Records from a collection:
━━━━━━━━━━━━━━━━━━━━

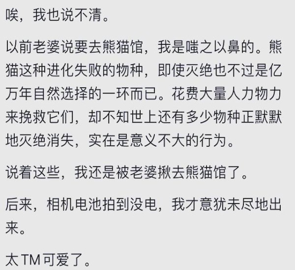 而关于熊猫的脾气,确实难以捉摸。有人称其温顺可爱,但也有说法指出,当它们发起脾气来,可是毫不留情。动物管护员与熊猫相处时必须格外小心,因为熊猫生气时毫无预兆,转眼间就可能变得凶猛异常,成都人形容这种性格为“有点儿脾气”。同时,有人调侃熊猫身上缺乏独特的气味,这与北方动物馆中的东北虎截然不同。那些大型猫科动物一踏入馆内,便散发着浓烈的气息,而熊猫馆却仿佛置身于清新的自然之中。空气都清新宜人。在炎炎夏日,若你踏入熊猫馆,会感受到馆内凉爽的空调气息。此时,熊猫们纷纷趴在冰块上,伸展着爪子装作瘫痪,这样的场景无不令人感到愉悦。
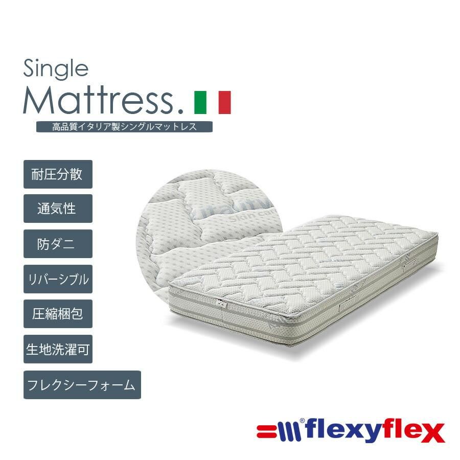 マットレス シングル 幅97 ノンコイル 体圧分散 flexyflex Sサイズ イタリア製 高級マットレス 圧縮マット 防ダニ 洗濯 通気性 快眠 厚み23 人気 寝具 リバーシブル 気持ち良い
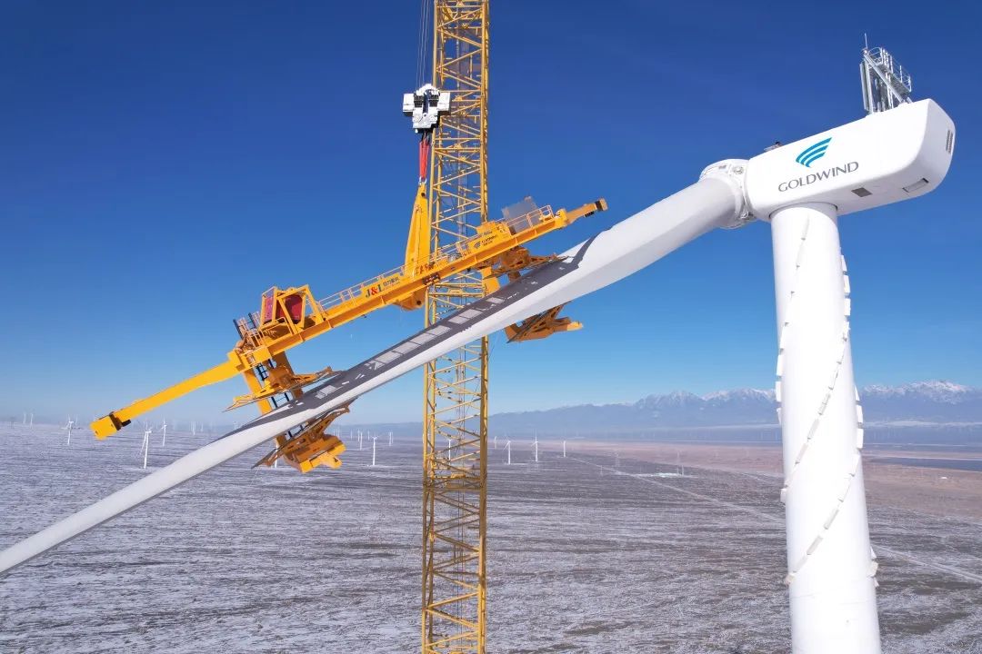近日,在新疆烏魯木齊金風(fēng)天翼20MW風(fēng)電項目場,巨力索具研發(fā)的6MW大角度斜插單葉片吊具順利完成吊裝工作,標(biāo)志著巨力索具自主研發(fā)的國內(nèi)首套陸上大兆瓦斜插單葉片吊具首吊成功,為國內(nèi)大兆瓦陸上風(fēng)電機組吊裝提供了高效、安全、便捷的創(chuàng)新解決方案。
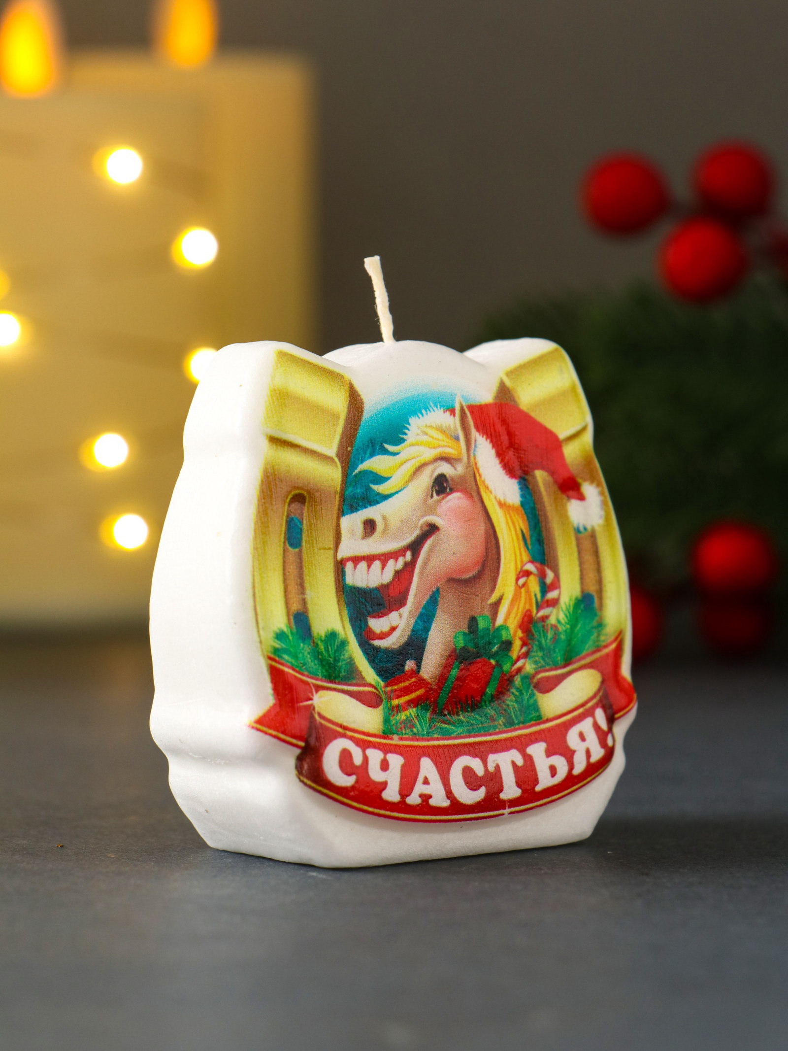 Свеча новогодняя "Лошадь. Подкова. Счастья", 6x2.8x6 см, Омский свечной завод, Россия
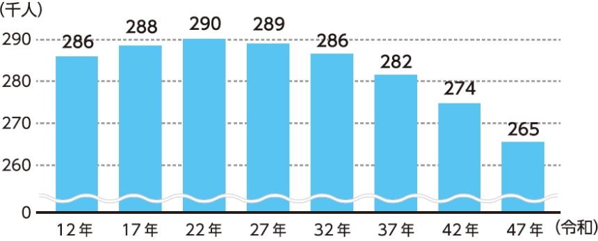 住民基本台帳等の人口数を基に出生・死亡率・転出入などを考慮して、将来の人口を推計したものです。国が発表している将来推計人口は減少する一方ですが、区の人口は令和22年がピークとなり、その後減少に転じる予想です。 |
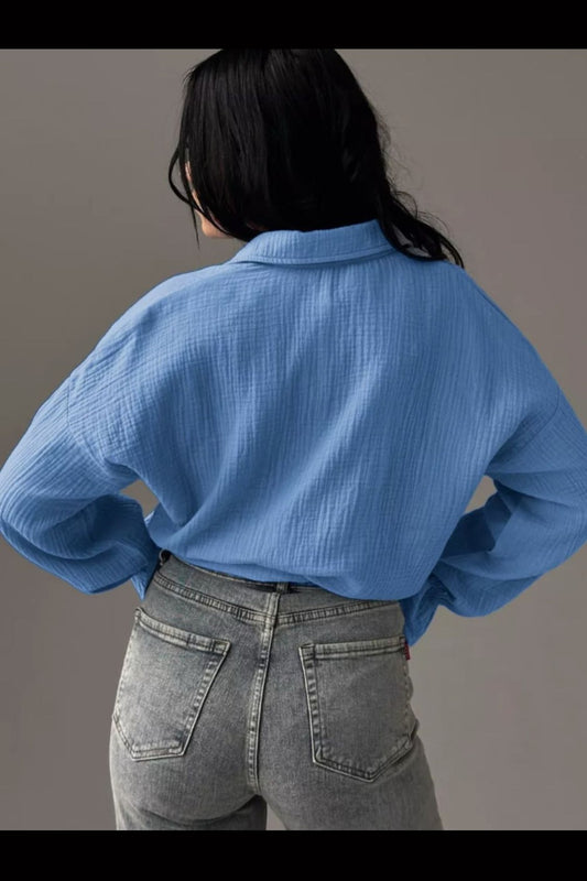 Mandy Textured Pocketed Button-Up Shirt
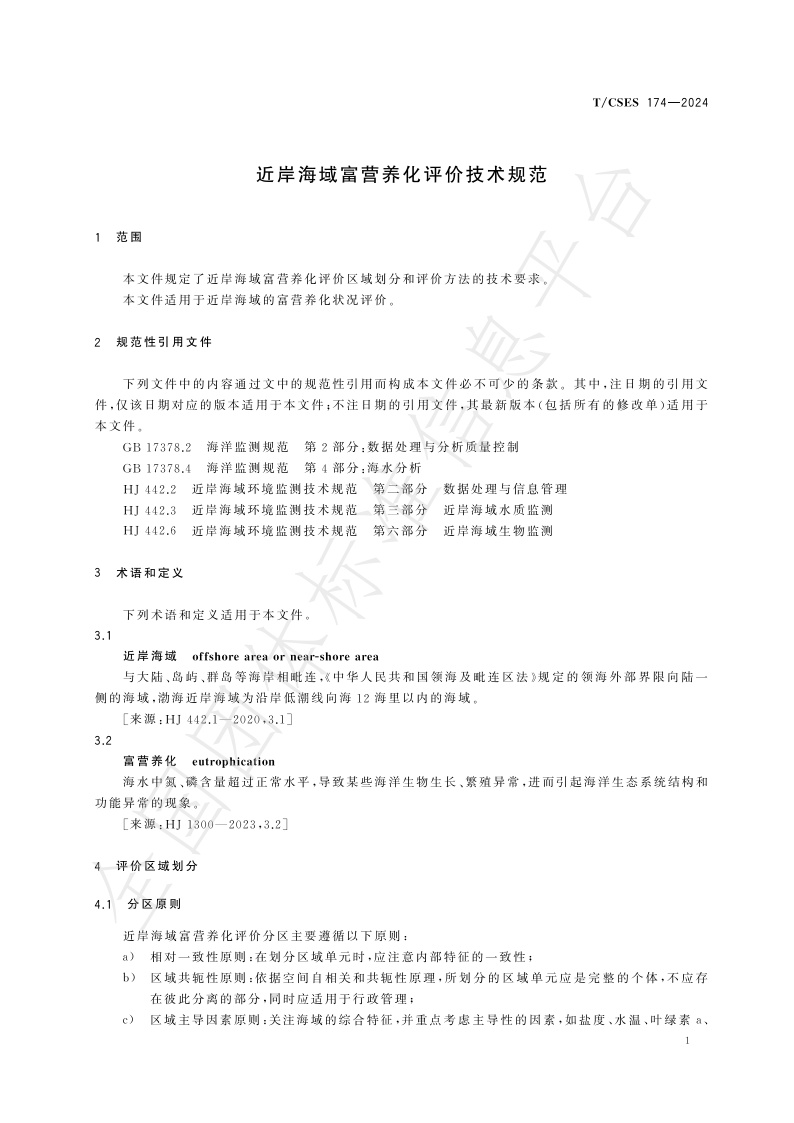 TCSES 174—2024《近岸海域富营养化评价技术规范》

━━━━━━━━━━━━━━━━━━━━

Problem requirements:
Give back the records above word for word, minus any image they hold.

Task output:
 而关于熊猫的脾气,确实难以捉摸。有人称其温顺可爱,但也有说法指出,当它们发起脾气来,可是毫不留情。动物管护员与熊猫相处时必须格外小心,因为熊猫生气时毫无预兆,转眼间就可能变得凶猛异常,成都人形容这种性格为“有点儿脾气”。同时,有人调侃熊猫身上缺乏独特的气味,这与北方动物馆中的东北虎截然不同。那些大型猫科动物一踏入馆内,便散发着浓烈的气息,而熊猫馆却仿佛置身于清新的自然之中。空气都清新宜人。在炎炎夏日,若你踏入熊猫馆,会感受到馆内凉爽的空调气息。此时,熊猫们纷纷趴在冰块上,伸展着爪子装作瘫痪,这样的场景无不令人感到愉悦。
 マットレス シングル 幅97 ノンコイル 体圧分散 flexyflex Sサイズ イタリア製 高級マットレス 圧縮マット 防ダニ 洗濯 通気性 快眠 厚み23 人気 寝具 リバーシブル 気持ち良い
近日,在新疆烏魯木齊金風(fēng)天翼20MW風(fēng)電項目場,巨力索具研發(fā)的6MW大角度斜插單葉片吊具順利完成吊裝工作,標(biāo)志著巨力索具自主研發(fā)的國內(nèi)首套陸上大兆瓦斜插單葉片吊具首吊成功,為國內(nèi)大兆瓦陸上風(fēng)電機組吊裝提供了高效、安全、便捷的創(chuàng)新解決方案。
 Свеча новогодняя "Лошадь. Подкова. Счастья", 6x2.8x6 см, Омский свечной завод, Россия
 住民基本台帳等の人口数を基に出生・死亡率・転出入などを考慮して、将来の人口を推計したものです。国が発表している将来推計人口は減少する一方ですが、区の人口は令和22年がピークとなり、その後減少に転じる予想です。 |
 Mandy Textured Pocketed Button-Up Shirt
 TCSES 174—2024《近岸海域富营养化评价技术规范》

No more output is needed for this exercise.